──────── Dataset excerpt

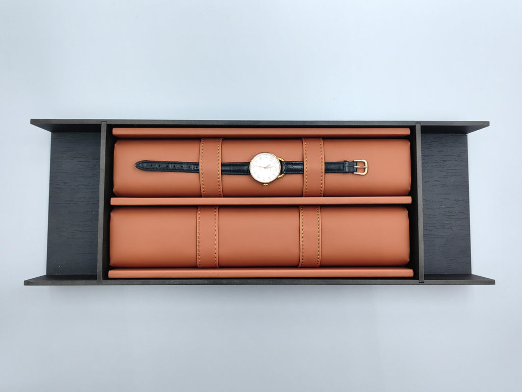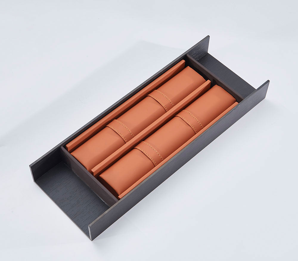 All handcrafted, the eco-leather RM-5 Watch Flat insert is designed to be nested into the RM-1 Universal Tray for robust protection and definition. The appearance of the eco-leather insert framed by the Compact HPL wood grained tray is so chic!
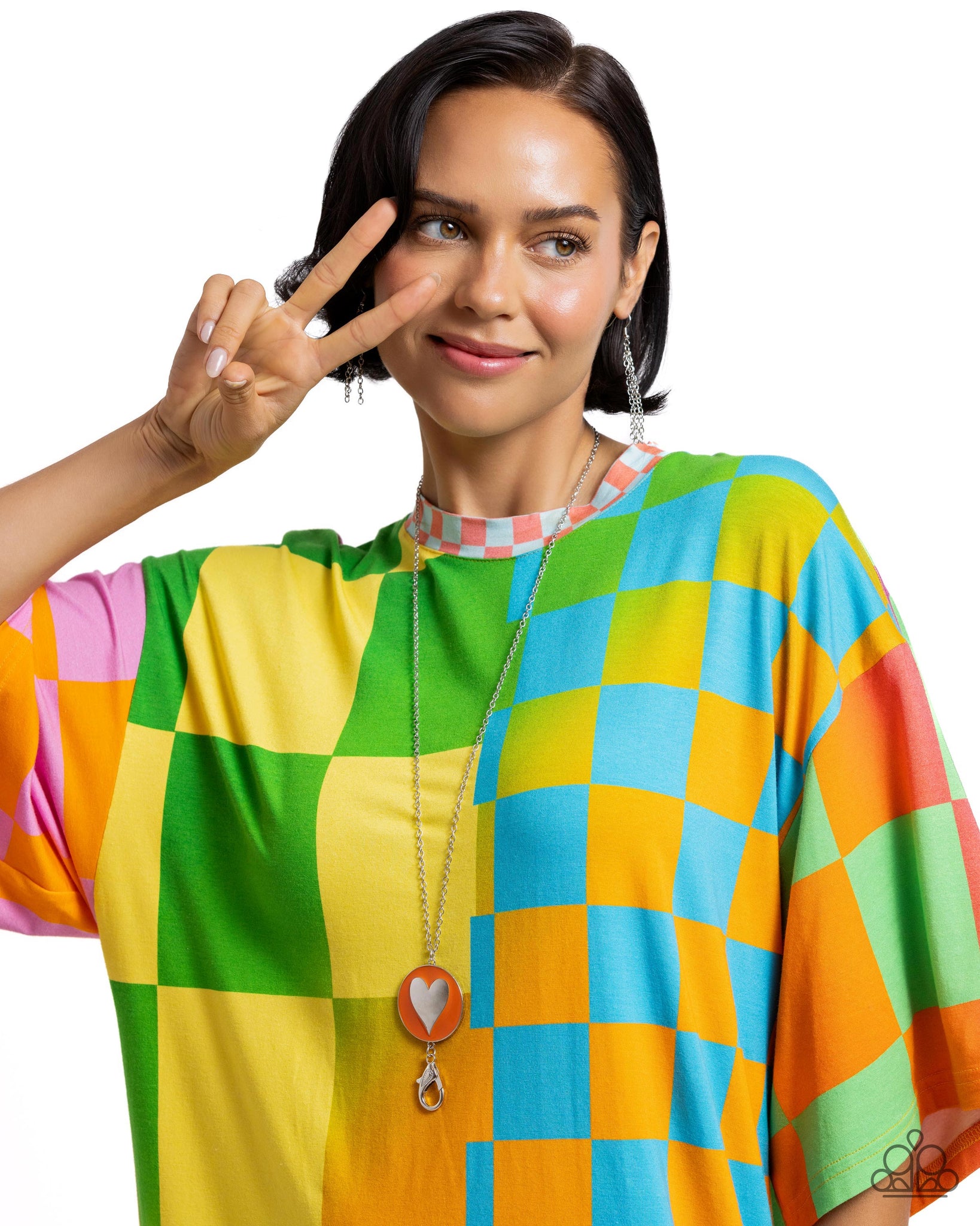 Embossed with a silver heart, an orange-painted pendant bursts from the center of an elongated silver chain below the collar for a pop of romantic color. A lobster clasp hangs from the bottom of the design to allow a name badge or other item to be attached. Features an adjustable clasp closure.
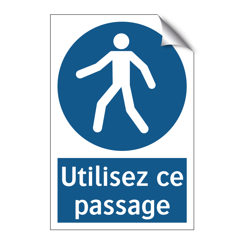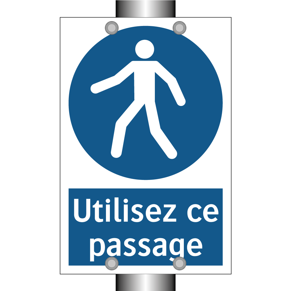 Ce panneau d'obligation est essentiel pour guider les piétons vers le passage approprié. Idéal pour les zones à fort trafic, il assure une circulation fluide et sécurisée. Ce type de signalisation est particulièrement utile dans les centres commerciaux, les gares, et les aéroports, où l'orientation est cruciale. En installant ce panneau, vous facilitez le déplacement des personnes et réduisez les risques d'accidents. Sa couleur bleue et son texte blanc attirent l'attention, garantissant que le message est bien compris. Placez-le à des endroits stratégiques pour maximiser son efficacité et améliorer l'expérience des usagers.
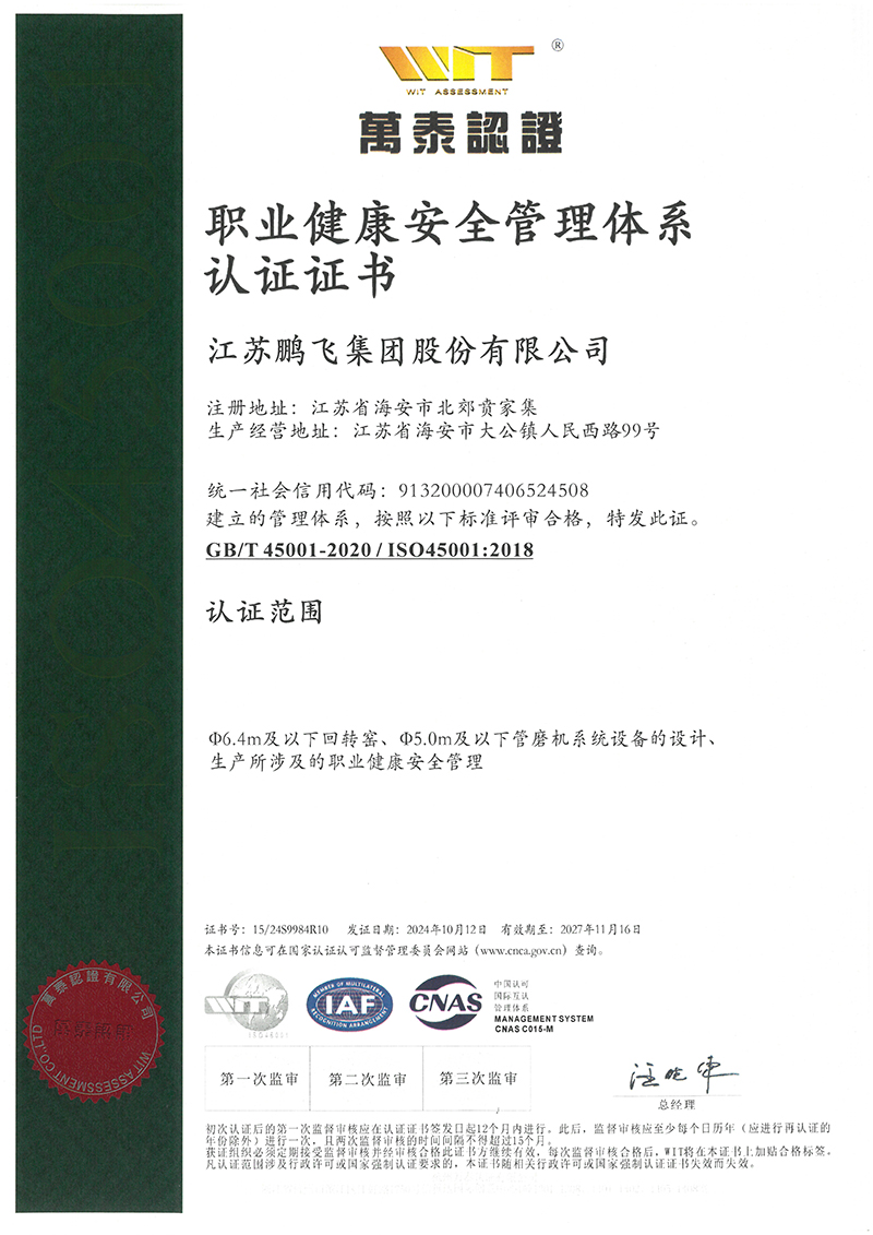 (2024年10月)职业健康安全管理体系认证证书

────────────────

Starting with the line that contains "Embossed with a", reproduce every line to the end of the material above, both end lines included, exactly and with no pictures.

Answer —
 Embossed with a silver heart, an orange-painted pendant bursts from the center of an elongated silver chain below the collar for a pop of romantic color. A lobster clasp hangs from the bottom of the design to allow a name badge or other item to be attached. Features an adjustable clasp closure.
 Ce panneau d'obligation est essentiel pour guider les piétons vers le passage approprié. Idéal pour les zones à fort trafic, il assure une circulation fluide et sécurisée. Ce type de signalisation est particulièrement utile dans les centres commerciaux, les gares, et les aéroports, où l'orientation est cruciale. En installant ce panneau, vous facilitez le déplacement des personnes et réduisez les risques d'accidents. Sa couleur bleue et son texte blanc attirent l'attention, garantissant que le message est bien compris. Placez-le à des endroits stratégiques pour maximiser son efficacité et améliorer l'expérience des usagers.
 (2024年10月)职业健康安全管理体系认证证书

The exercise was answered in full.